» **Task instructions**: Please output the data exactly, minus pictures.

» **Source data**:
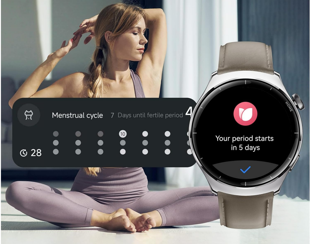
Image: A smartwatch displaying a menstrual cycle tracking interface, showing days until the next period, with a woman performing yoga in the background.
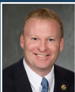
State Senator Randy Head Senate District 18
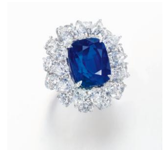
19.36 Carats Cushion-Shaped Kashmir Sapphire And Diamond Ring

In addition, sapphire lovers will be delighted to see two brilliant blue beauties, a 101.32 carats Ceylon no heat sapphire by Chatila and a magnificent 19.36 carats cushion-shaped Kashmir sapphire. Located high in the Himalayas, the mines of Kashmir have sourced the world's finest and most sought-after sapphires whose unrivalled cornflower blue ensures its position as the most desirable sapphire on the market.
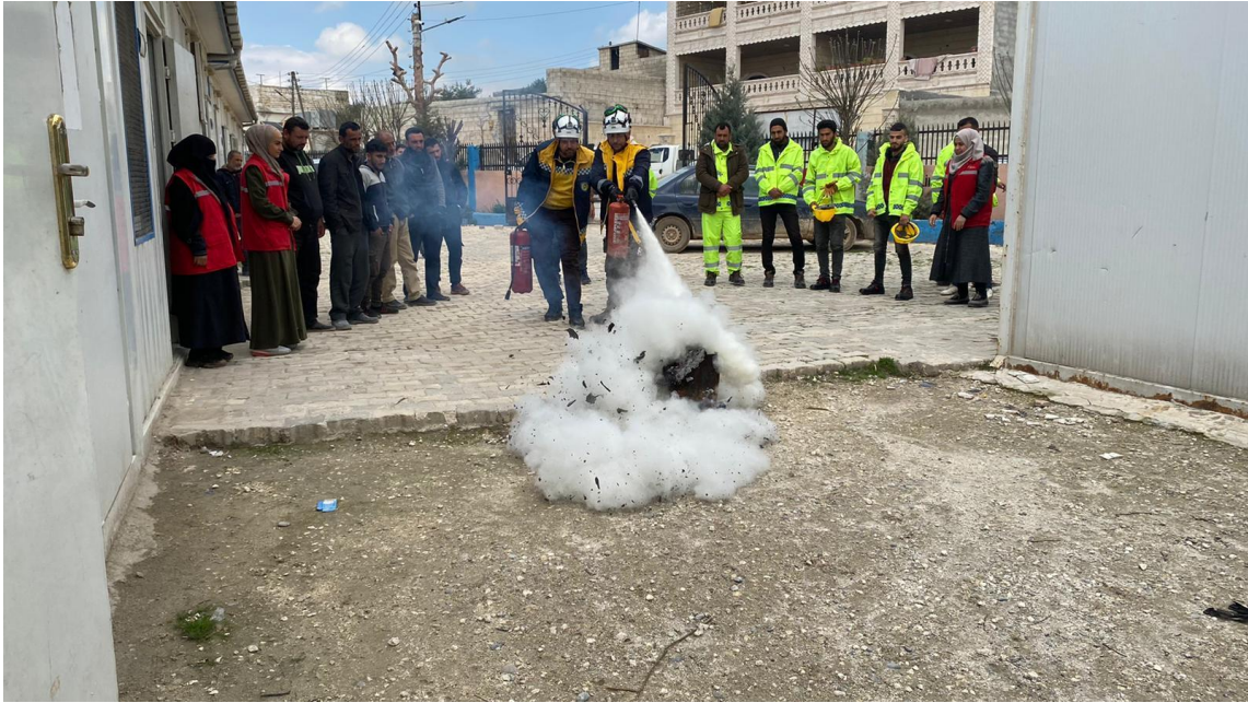
SARD in collaboration with Civil Defense trained 30 Cash for Work workers under OCHA
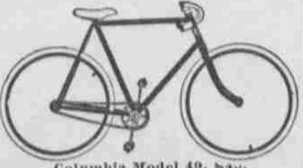
Columbia Model 40, $40.00 Hartford.....$35.00 Vedettes, Strictly Up-to-Date.....25.00 We job bicycle sundries. Write for terms and discounts.
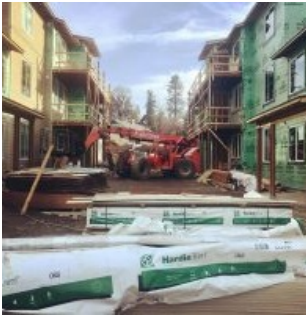
Haystack Heights Cohousing Spokane, WA
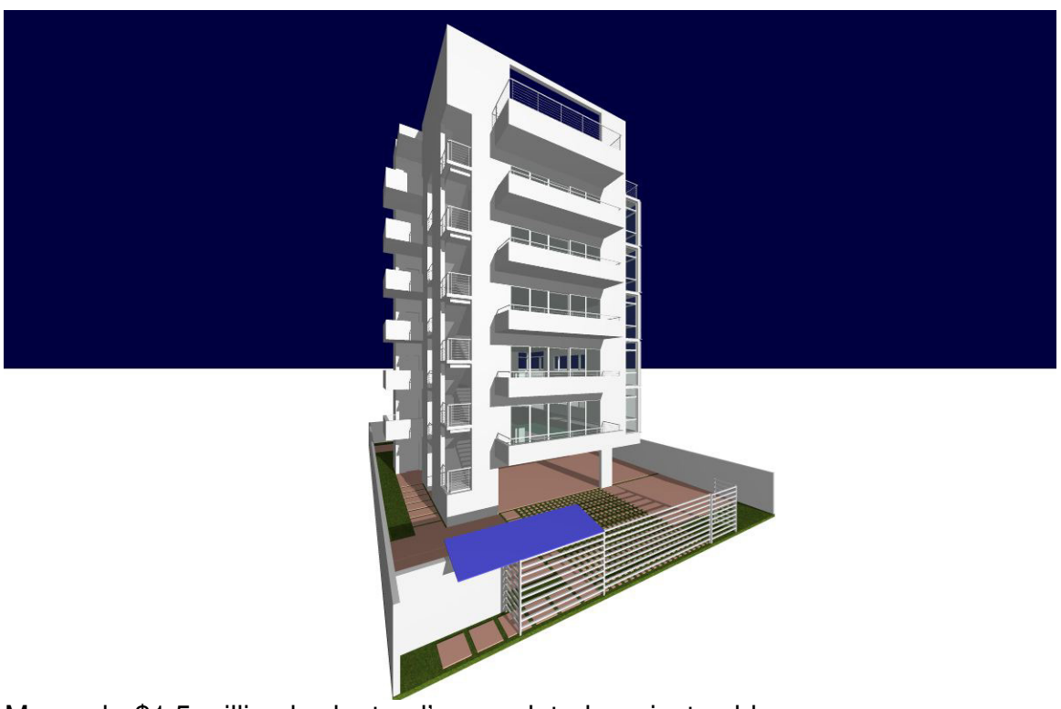
Monarch, $1.5 million budget, cd's completed, project sold

Brickell Station Villas, $14 million, completed in 2008
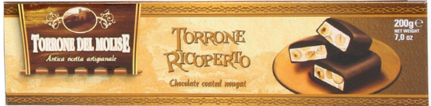
Ricoperto (Hard Nougat with Hazelnuts coated in Chocolate) 200g x 12 - TOR06
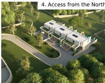
4. Access from the North
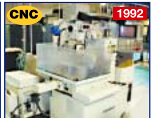
MITSUBISHI CNC WIRE EDM, MDL. DWC90C
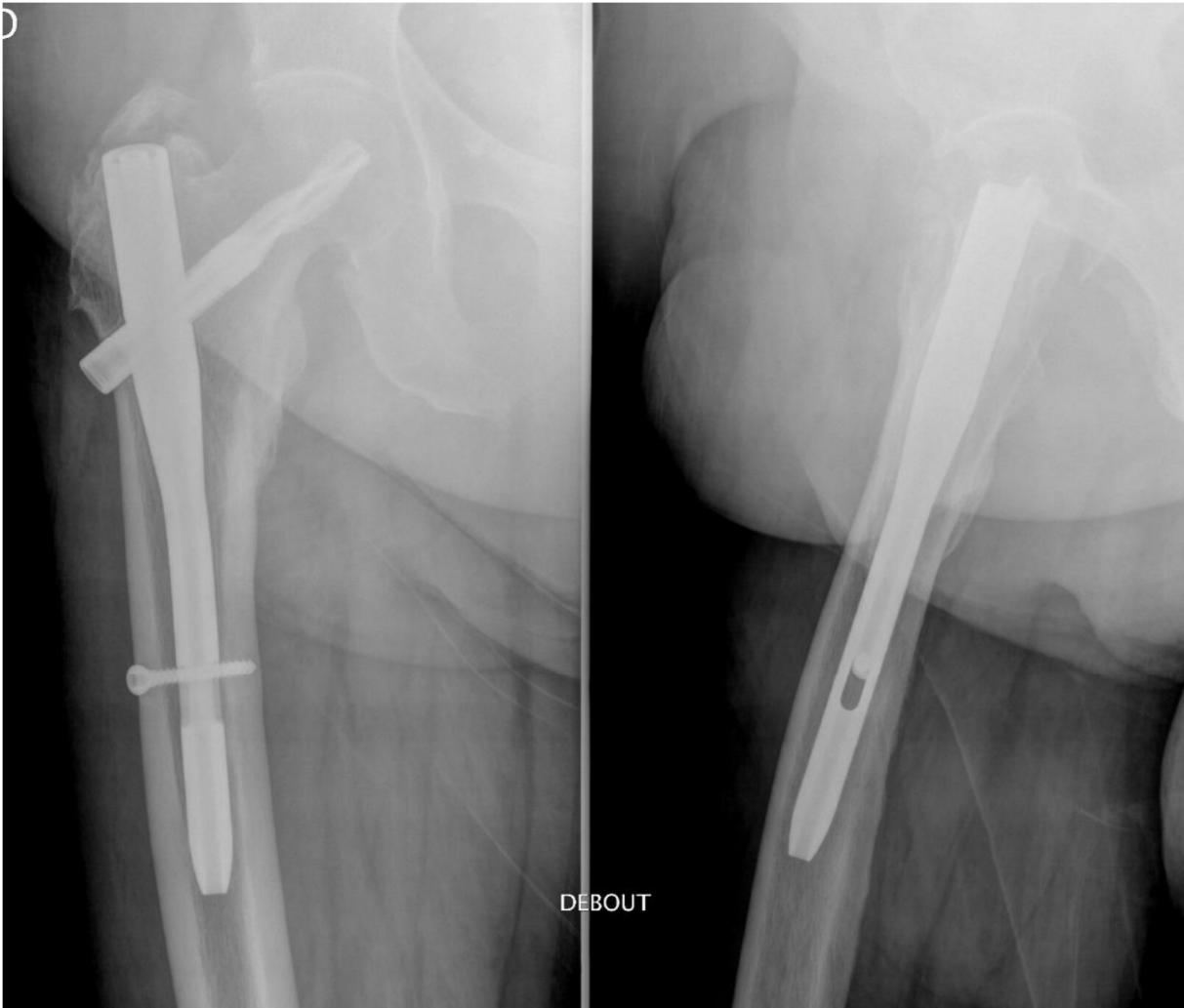
Figure 1: TFP nail
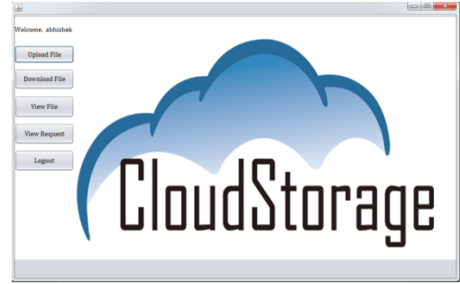
Figure 4.1: - Client Functionalities

Figure 4.1 demonstrate the all available functionality for clients like file uploading, data encryption, data download, and view files.
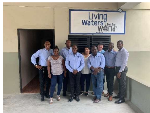
The LWW in country team in front of the Leogane office. There is no team better!!

The rest of morning thru 2p in the afternoon, I met with the LWW in country staff at our office in Leogane. There are 8 on this team that I am truly blessed to serve with. Each time I come to Haiti we always try to get together to review new things that are happening and better ways we can serve the pure water systems in Haiti. I always try and provide one item on some form of education and this session was Marketing Pure Water ,
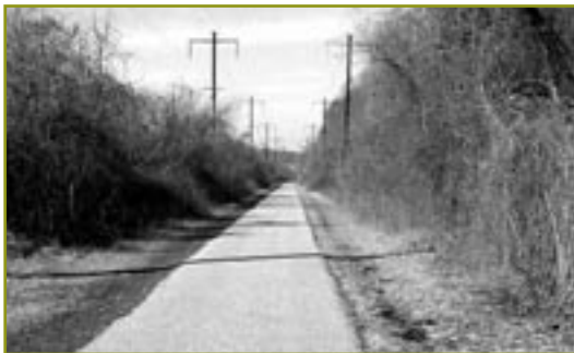
The entire southern side of SCEE's grounds, to the right of the path, borders approximately 2,800 feet of the Schuylkill River Trail.
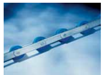
Lubrication free chain
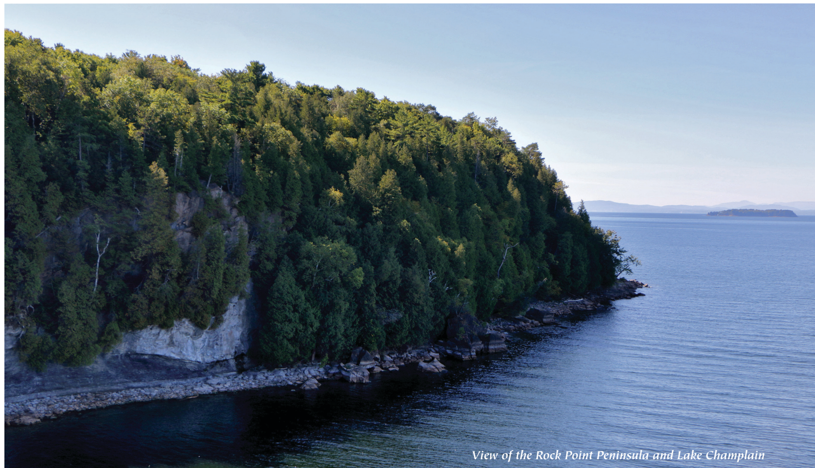
View of the Rock Point Peninsula and Lake Champlain
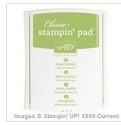
Pear Pizzazz Classic Stampin' Pad 131180 Price: $6.50
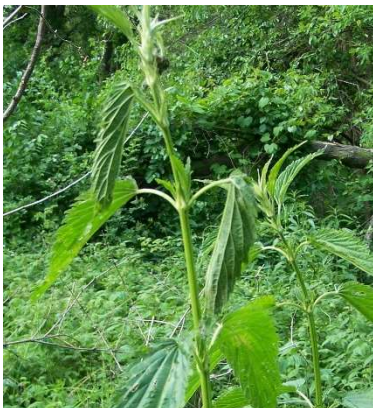
Folded nettle leaves droop from the weight of larvae hidden within.

Red Admiral caterpillars are probably the easiest to find on nettle stalks, that is, if you know the means by which they hide in a leaf. The female lays conical, green eggs individually, usually among the topmost, newest growth on the stalk. A newly-hatched, dark, spiny caterpillar perches and rests on the top of the leaf, then uses silk, in effect, to fold the leaf in half, lengthwise around itself. Thus enveloped, it is shielded from the sight of many prospective predators.

» **Exercise answer**:
Image: A smartwatch displaying a menstrual cycle tracking interface, showing days until the next period, with a woman performing yoga in the background.
State Senator Randy Head Senate District 18
19.36 Carats Cushion-Shaped Kashmir Sapphire And Diamond Ring

In addition, sapphire lovers will be delighted to see two brilliant blue beauties, a 101.32 carats Ceylon no heat sapphire by Chatila and a magnificent 19.36 carats cushion-shaped Kashmir sapphire. Located high in the Himalayas, the mines of Kashmir have sourced the world's finest and most sought-after sapphires whose unrivalled cornflower blue ensures its position as the most desirable sapphire on the market.
SARD in collaboration with Civil Defense trained 30 Cash for Work workers under OCHA
Columbia Model 40, $40.00 Hartford.....$35.00 Vedettes, Strictly Up-to-Date.....25.00 We job bicycle sundries. Write for terms and discounts.
Haystack Heights Cohousing Spokane, WA
Monarch, $1.5 million budget, cd's completed, project sold

Brickell Station Villas, $14 million, completed in 2008
Ricoperto (Hard Nougat with Hazelnuts coated in Chocolate) 200g x 12 - TOR06
4. Access from the North
MITSUBISHI CNC WIRE EDM, MDL. DWC90C
Figure 1: TFP nail
Figure 4.1: - Client Functionalities

Figure 4.1 demonstrate the all available functionality for clients like file uploading, data encryption, data download, and view files.
The LWW in country team in front of the Leogane office. There is no team better!!

The rest of morning thru 2p in the afternoon, I met with the LWW in country staff at our office in Leogane. There are 8 on this team that I am truly blessed to serve with. Each time I come to Haiti we always try to get together to review new things that are happening and better ways we can serve the pure water systems in Haiti. I always try and provide one item on some form of education and this session was Marketing Pure Water ,
The entire southern side of SCEE's grounds, to the right of the path, borders approximately 2,800 feet of the Schuylkill River Trail.
Lubrication free chain
View of the Rock Point Peninsula and Lake Champlain
Pear Pizzazz Classic Stampin' Pad 131180 Price: $6.50
Folded nettle leaves droop from the weight of larvae hidden within.

Red Admiral caterpillars are probably the easiest to find on nettle stalks, that is, if you know the means by which they hide in a leaf. The female lays conical, green eggs individually, usually among the topmost, newest growth on the stalk. A newly-hatched, dark, spiny caterpillar perches and rests on the top of the leaf, then uses silk, in effect, to fold the leaf in half, lengthwise around itself. Thus enveloped, it is shielded from the sight of many prospective predators.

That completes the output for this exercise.